- Episode no.: Season 8 Episode 1
- Directed by: Lesli Linka Glatter
- Written by: Alex Gansa; Debora Cahn;
- Production code: 8WAH01
- Original air date: February 9, 2020
- Running time: 59 minutes

Guest appearances
- Mohammad Bakri as Abdul Qadir G'ulom; Tim Guinee as Scott Ryan; Andrea Deck as Jenna Bragg; Cliff Chamberlain as Mike Dunne; Charles Brice as Staff Sergeant John Durkin; Sam Chance as Specialist Drew Soto; Octavio Rodriguez as Specialist Arturo Gonzales; Victor Almanzar as Staff Sergeant Justin Wenzel; Mohammad Amiri as Arman; Jason Tottenham as Alan Yager; Kevork Malikyan as Agha Jan; Anna Kathryn Holbrook as Robin; David Hunt as Jim Turrow; Jonjo O'Neill as Doug; Emilio Cuesta as Specialist Charlie Stoudt; Anna Francolini as Dr. Foley;

Episode chronology
| ← Previous "Paean to the People" | Next → "Catch and Release" |
- Homeland season 8

= Deception Indicated =

"Deception Indicated" is the eighth season premiere of the American television drama series Homeland, and the 85th episode overall. It premiered on Showtime on February 9, 2020.

== Plot ==
While rehabilitating at Landstuhl Regional Medical Center, Carrie (Claire Danes) is interviewed by counterintelligence agent Jim Turrow (David Hunt). Turrow informs Carrie that she failed a polygraph test, and calls into question whether Carrie betrayed her loyalty during the months in captivity that she has no memory of.
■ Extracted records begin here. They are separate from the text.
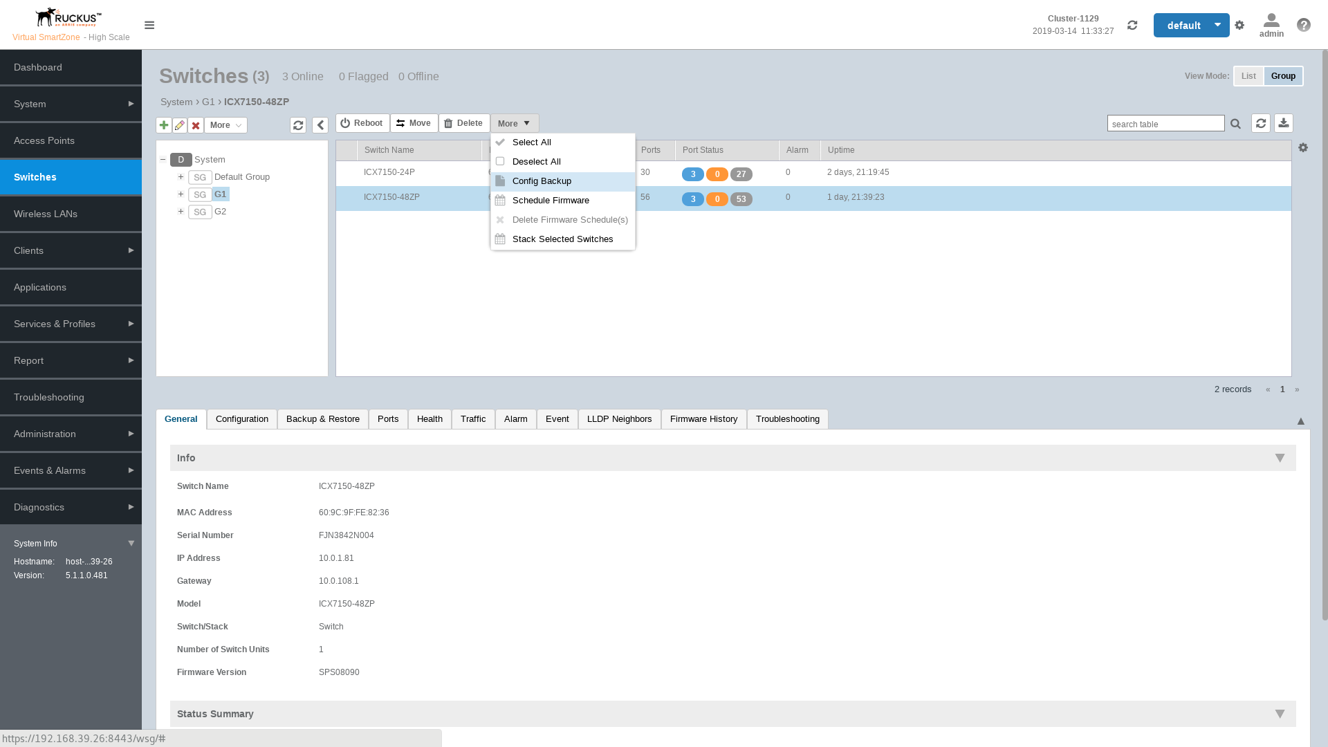 SmartZone can back up the switch's running configuration. By default, SmartZone makes a backup of switch configuration on a daily basis. The configuration is only stored if there is a change between the last configuration backup and the current backup. Otherwise, it is discarded. SmartZone saves the last seven configuration backups. When needed, these backups can be restored to the switch. While performing network maintenance, you can initiate a backup without having to wait for the daily backup.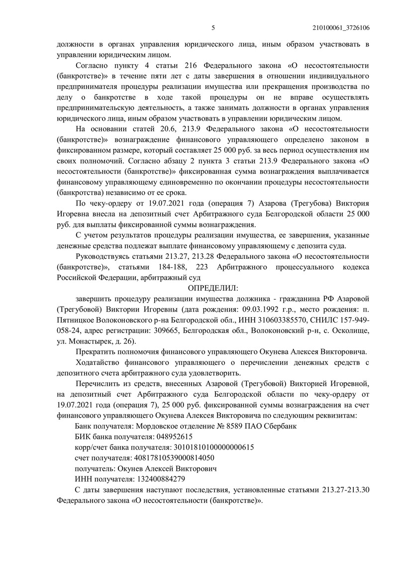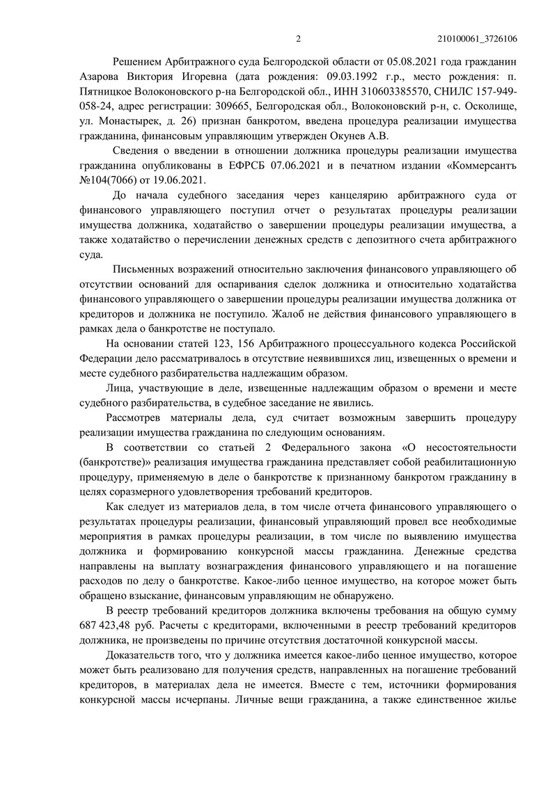 26 июля 2022 года суд вынес решение о завершении процедуры реализации имущества нашего клиента и прекращении полномочий финансового управляющего.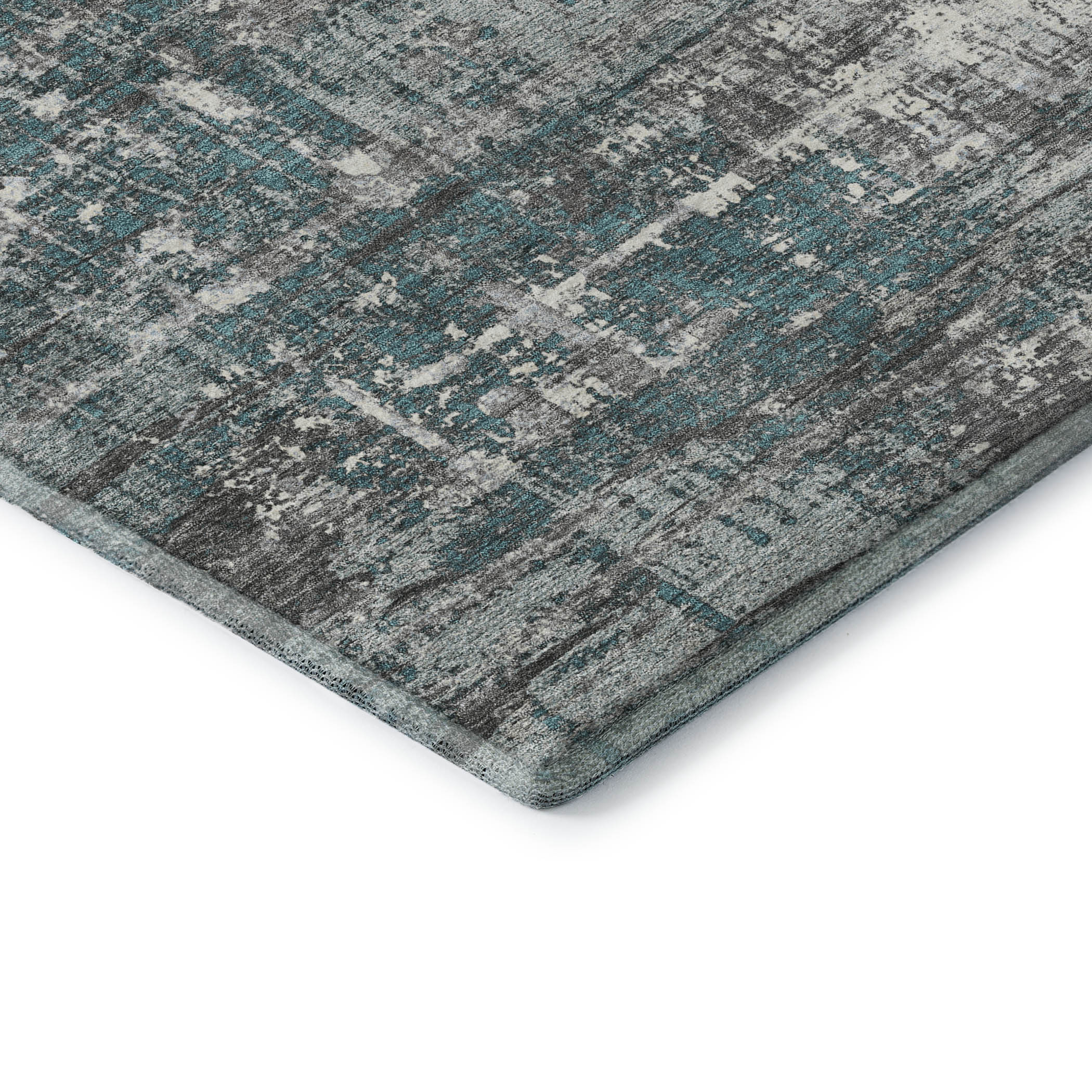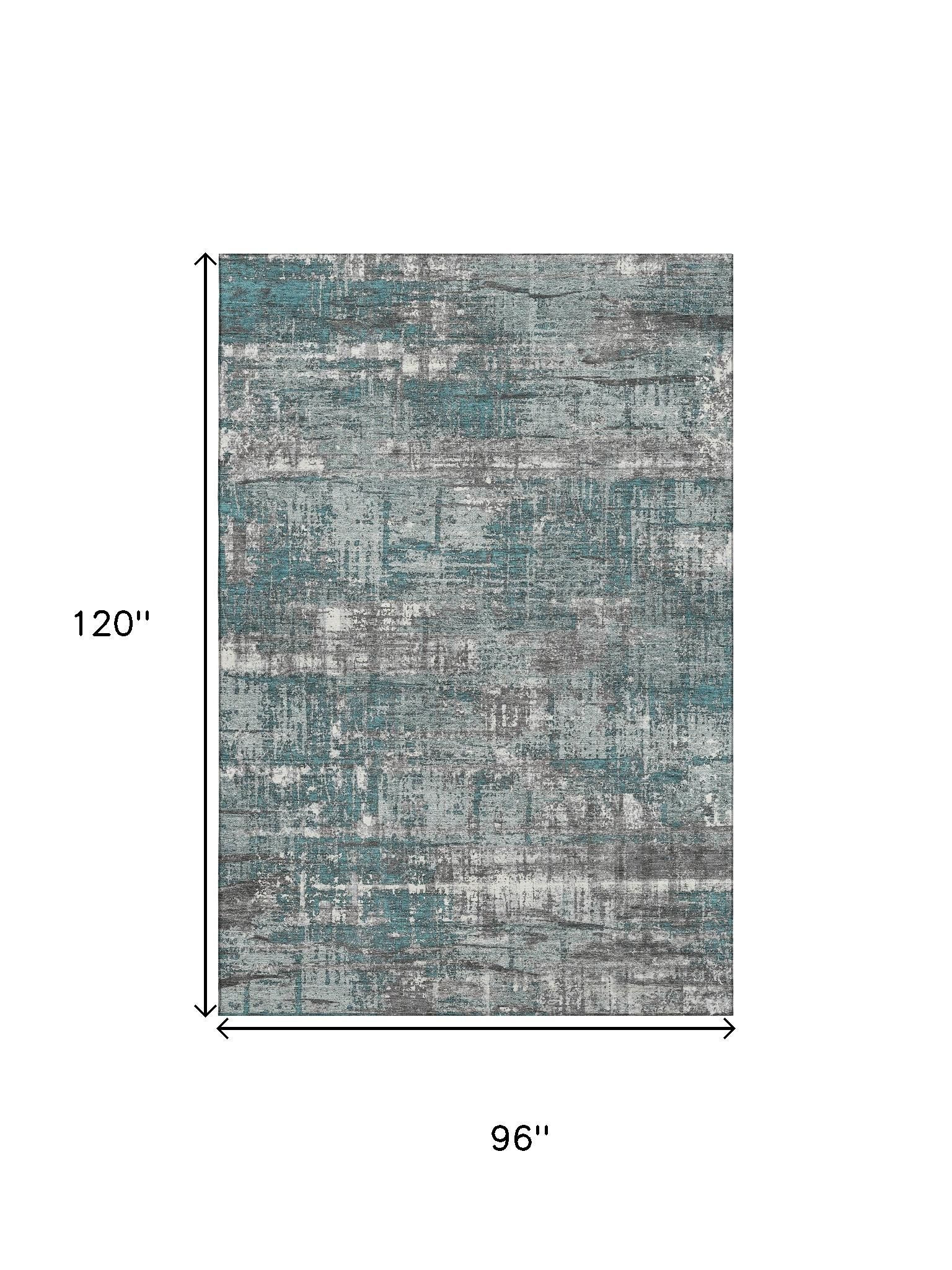 Add some artistry to your room with this 8-foot x 10-foot teal gray and ivory geometric washable area rug with uv protection. Ideal for spaces with kids and pets, this rug is stain resistant to help repel dirt and spilled liquids. Built to last, this rug crafted from polyester fibers is known for its durability and long lasting appeal. Rugs are a great way to showcase your style, hide imperfections, warm your home and reduce noise. This larger sized, transitional styled rug is ready to create a focal point or statement piece in your room. 96.00-inch h x 120.00-inch w x 0.39-inch d.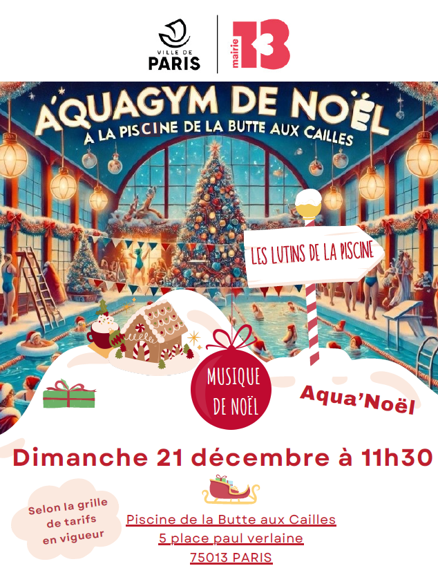 La piscine Buttes aux Cailles vous invite le dimanche 21 décembre à 11h30 à une spéciale aquagym de Noël.
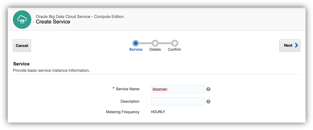 Quando clicamos em “Create Service” e selecionamos “Big Data – Compute Edition”, somos direcionados à página do serviço “Oracle Big Data Cloud”. Nesta página, podemos clicar em “Create Service” para executar um assistente muito simples, que possui apenas 3 passos, para criar nosso cluster big data.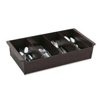 Cutlery Dispenser/Box, DARK BROWN, plastic w/4 compartments, 20"x10"x4", USA made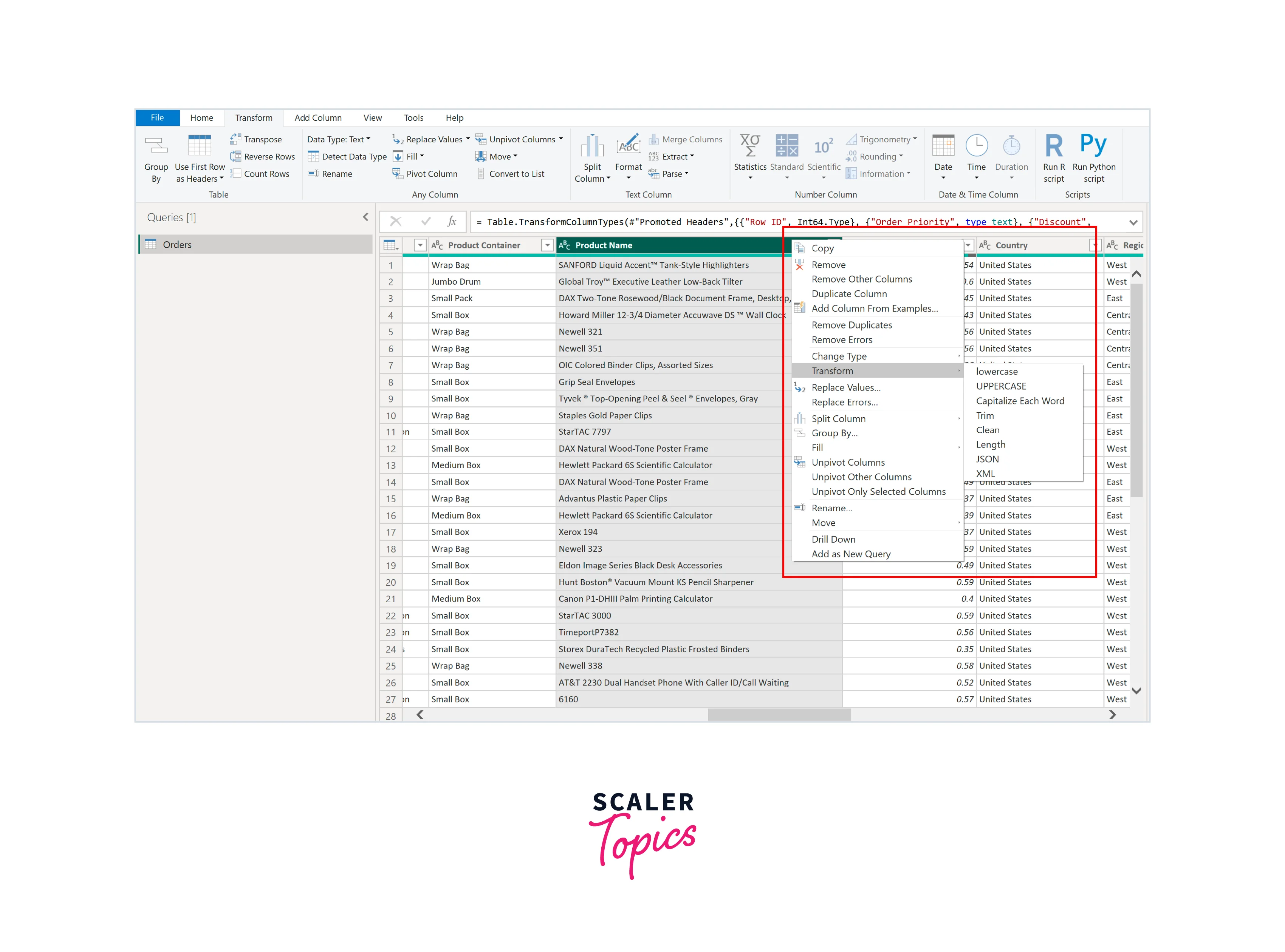 - In Power Query Editor, choose the column containing text or string data that requires formatting.

Saul (Mandy Patinkin), having been retained as National Security Advisor by new president Warner, is leading the U.S. effort to end the war in Afghanistan. Negotiations fall apart when Afghanistan's Vice President, Abdul Qadir G'ulom (Mohammad Bakri), announces he will refuse to honor the proposed terms. Saul recruits Carrie to join him in Kabul to help salvage the peace talks, despite warnings from Carrie's caretakers at the hospital that she is not ready.

Max (Maury Sterling) joins a platoon of soldiers in Korangal Valley with the aim of repairing a listening device near the Pakistan border which intercepts Taliban communications. Their unit comes under fire, but Max is able to service the device, and confirms it is operational back at the base.

In Afghanistan, Carrie reunites with former colleague Mike Dunne (Cliff Chamberlain), now the station chief in Kabul, who assigns young agent Jenna Bragg (Andrea Deck) to shadow Carrie. Carrie visits the home of one of her former assets, but learns he was branded a traitor by the Taliban and publicly executed. Growing more concerned about what information she may have revealed while in captivity, she asks Mike whether Russia shares information with the Taliban; he confirms that they do. Carrie is further disturbed the next day when, while waiting to meet with G'ulom, she sees her Russian captor Yevgeny Gromov (Costa Ronin) coming out of G'ulom's office.

== Production ==
The episode was directed by executive producer Lesli Linka Glatter and co-written by showrunner Alex Gansa and executive producer Debora Cahn.

== Reception ==
=== Reviews ===
The episode received an approval rating of 100% on the review aggregator Rotten Tomatoes based on five reviews.

The A.V. Club's Scott Von Doviak gave the episode a "B+" grade, and praised the direction: "Homeland ratchets up to its tense, suspenseful best under series veteran Leslie Linka Glatter’s direction as the story cuts between Carrie’s attempt to secretly meet with an old asset and Max accompanied by troops into Taliban territory to carry out his mission". Emma Fraser of Collider said of the episode "Setting the stage before the final curtain, Homeland and Claire Danes have reminded audiences why we were so enraptured when it first debuted nearly 10 years ago".

=== Ratings ===
The original broadcast was watched by 600,000 viewers.